Retype the records below exactly as they appear, but leave out any pictures.

====================

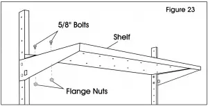- Place shelf (9) on brackets. Install to brackets with four 5/8″ bolts and flange nuts. (See Figure 23)
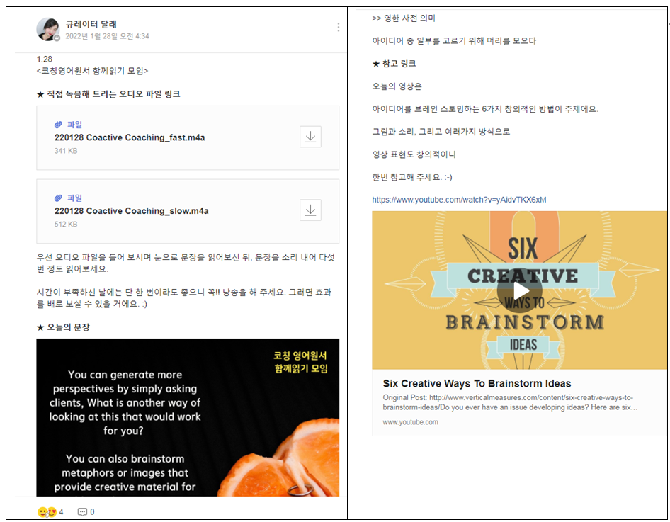 1) 달래님과 함께 하는 쉐도잉 클라스(월 1회): 문장 몇 줄을 집중적으로 발음교정해보는 시간.
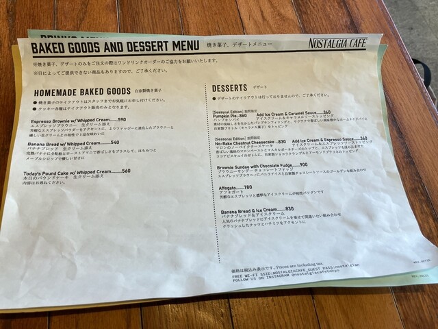 パンプキンパイ、マロンのノーベイクチーズケーキを注文しました。
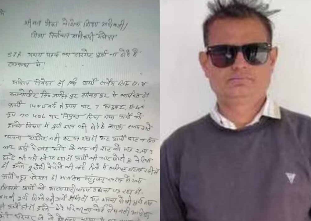 लिखा कि मानसिक दबाव इतना ज्यादा है कि आत्मघाती कदम उठाने जा रहा हूं। अगर समय ज्यादा होता तो टार्गेट पूरा कर लेता। अपनी चार बेटियों को लेकर ऐसी बातें लिखीं जिसे पढ़कर कोई भी रो देगा। पिछले पांच दिनों में यूपी में तीसरे बीएलओ ने जान दी है। इससे पहले फतेहपुर में अपनी शादी से एक दिन पहले लेखपाल रामलाल कोरी ने जान दी। फिर गोंडा में सहायक अध्यापक विपिन यादव ने जहर खाकर मौत को गले लगाया था।
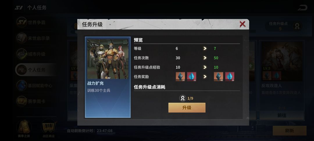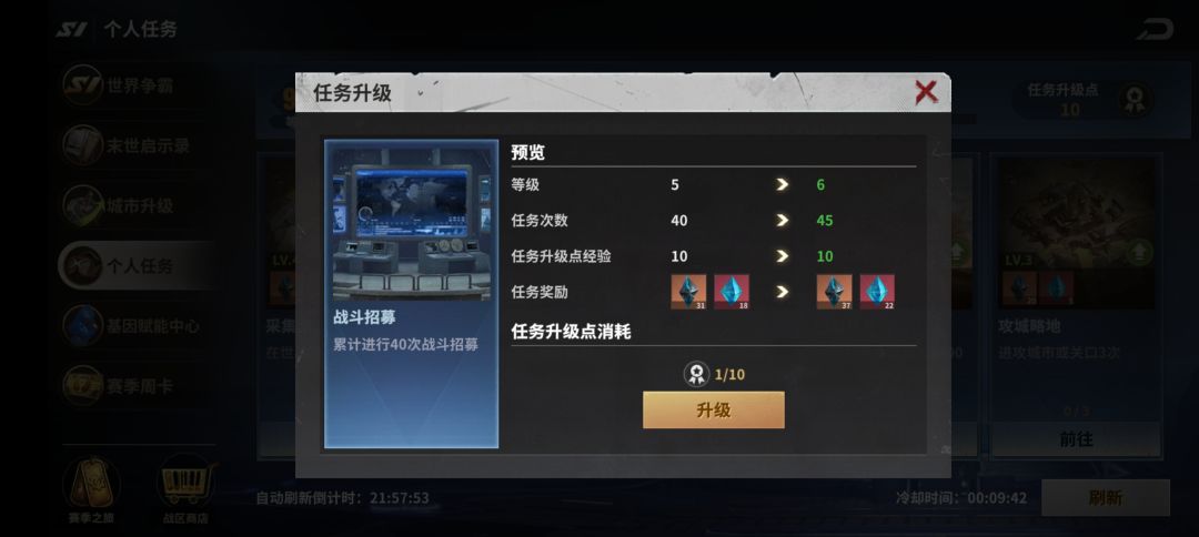 各位指挥官们好,今天由红薯哥哥给大家带来黎明堡垒S1赛季个人任务的攻略,上一篇攻略我详细介绍了建议升级的个人任务来获得基因工程的材料,下面再详细给大家讲讲其他任务是否适合升级。(内容整理自玩家投稿,所有数据仅供参考,不代表官方立场)
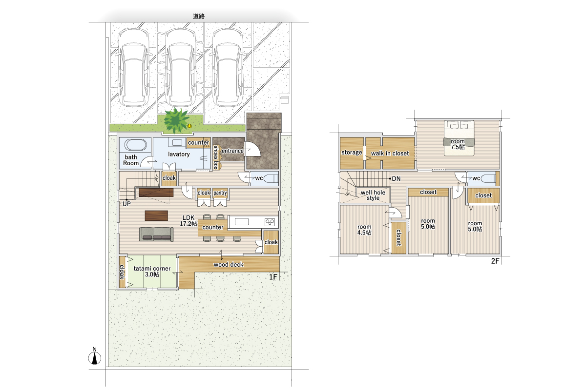 - ※完成予想図やCG合成画像は、門塀・植栽・庭・外観等、実際とは多少異なる場合があります。
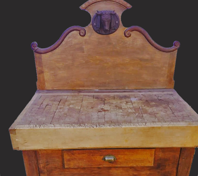 Een Frans slagersblok / hakblok was vroeger vaak versierd met een stierenkop.
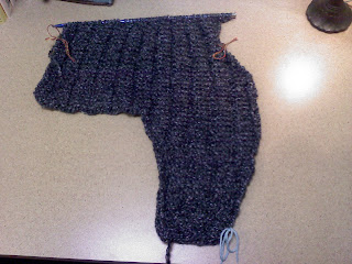 After that, finishing the left front piece was a snap. Here it is, using the simple expedient of an extra knitting needle as a stitch holder:
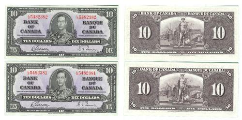 0760 - 1937 Bank of Canada $10 Sequence Pair-Unc
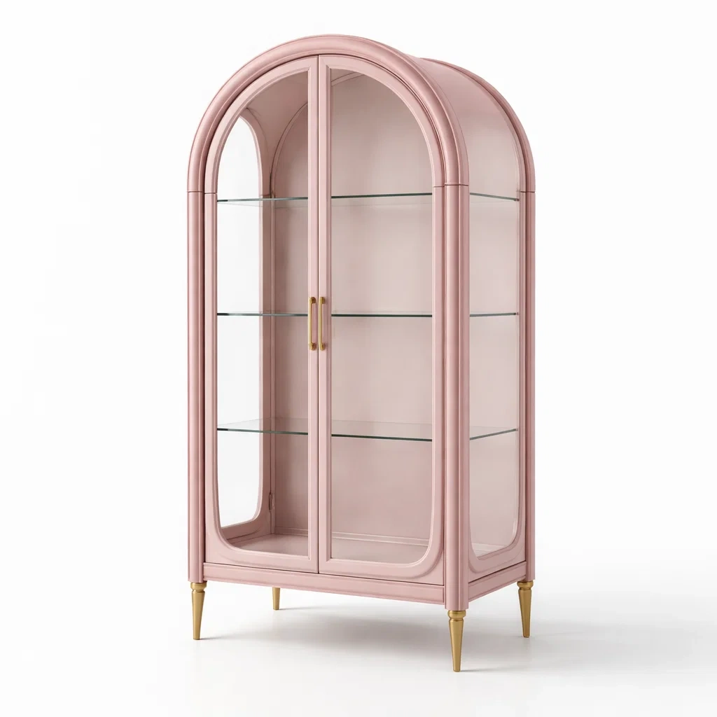 Vitrine holz sicherheitsglas metall rosa 180 cm
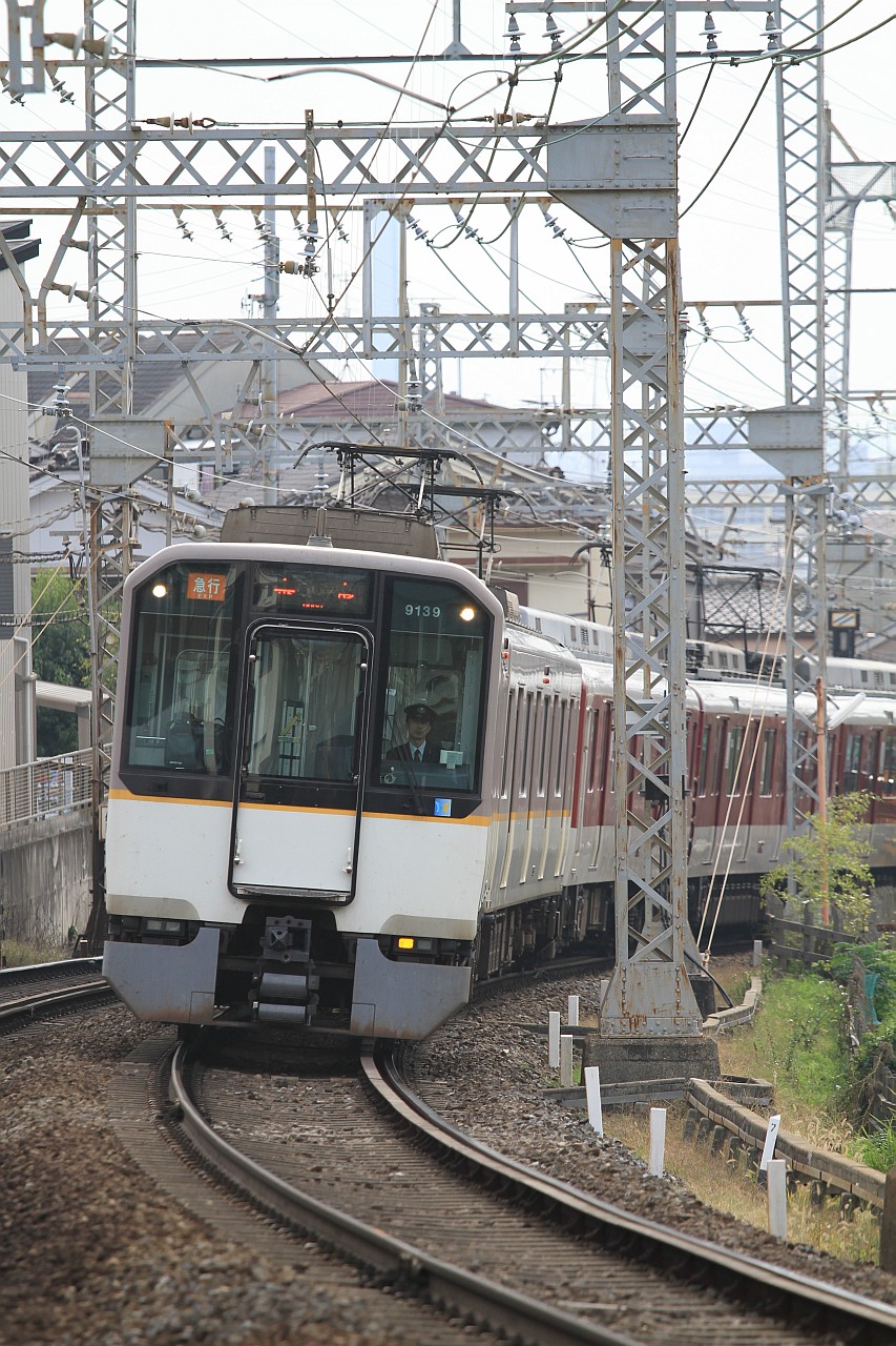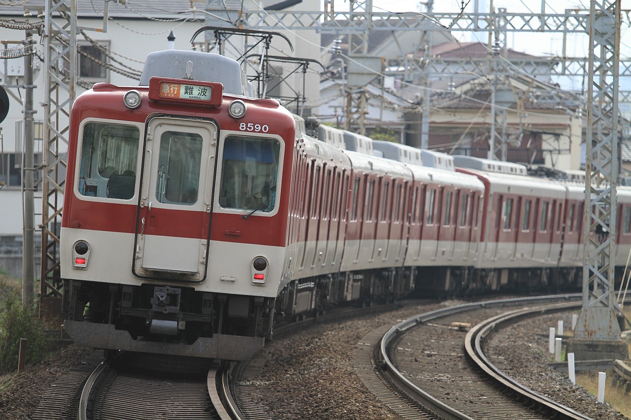 瓢箪山-枚岡間のカーブと勾配が組み合わさるポイントです。

====================

▶ _Answer section_
- Place shelf (9) on brackets. Install to brackets with four 5/8″ bolts and flange nuts. (See Figure 23)
 1) 달래님과 함께 하는 쉐도잉 클라스(월 1회): 문장 몇 줄을 집중적으로 발음교정해보는 시간.
 パンプキンパイ、マロンのノーベイクチーズケーキを注文しました。
 लिखा कि मानसिक दबाव इतना ज्यादा है कि आत्मघाती कदम उठाने जा रहा हूं। अगर समय ज्यादा होता तो टार्गेट पूरा कर लेता। अपनी चार बेटियों को लेकर ऐसी बातें लिखीं जिसे पढ़कर कोई भी रो देगा। पिछले पांच दिनों में यूपी में तीसरे बीएलओ ने जान दी है। इससे पहले फतेहपुर में अपनी शादी से एक दिन पहले लेखपाल रामलाल कोरी ने जान दी। फिर गोंडा में सहायक अध्यापक विपिन यादव ने जहर खाकर मौत को गले लगाया था।
 各位指挥官们好,今天由红薯哥哥给大家带来黎明堡垒S1赛季个人任务的攻略,上一篇攻略我详细介绍了建议升级的个人任务来获得基因工程的材料,下面再详细给大家讲讲其他任务是否适合升级。(内容整理自玩家投稿,所有数据仅供参考,不代表官方立场)
 - ※完成予想図やCG合成画像は、門塀・植栽・庭・外観等、実際とは多少異なる場合があります。
 Een Frans slagersblok / hakblok was vroeger vaak versierd met een stierenkop.
 After that, finishing the left front piece was a snap. Here it is, using the simple expedient of an extra knitting needle as a stitch holder:
 0760 - 1937 Bank of Canada $10 Sequence Pair-Unc
 Vitrine holz sicherheitsglas metall rosa 180 cm
 瓢箪山-枚岡間のカーブと勾配が組み合わさるポイントです。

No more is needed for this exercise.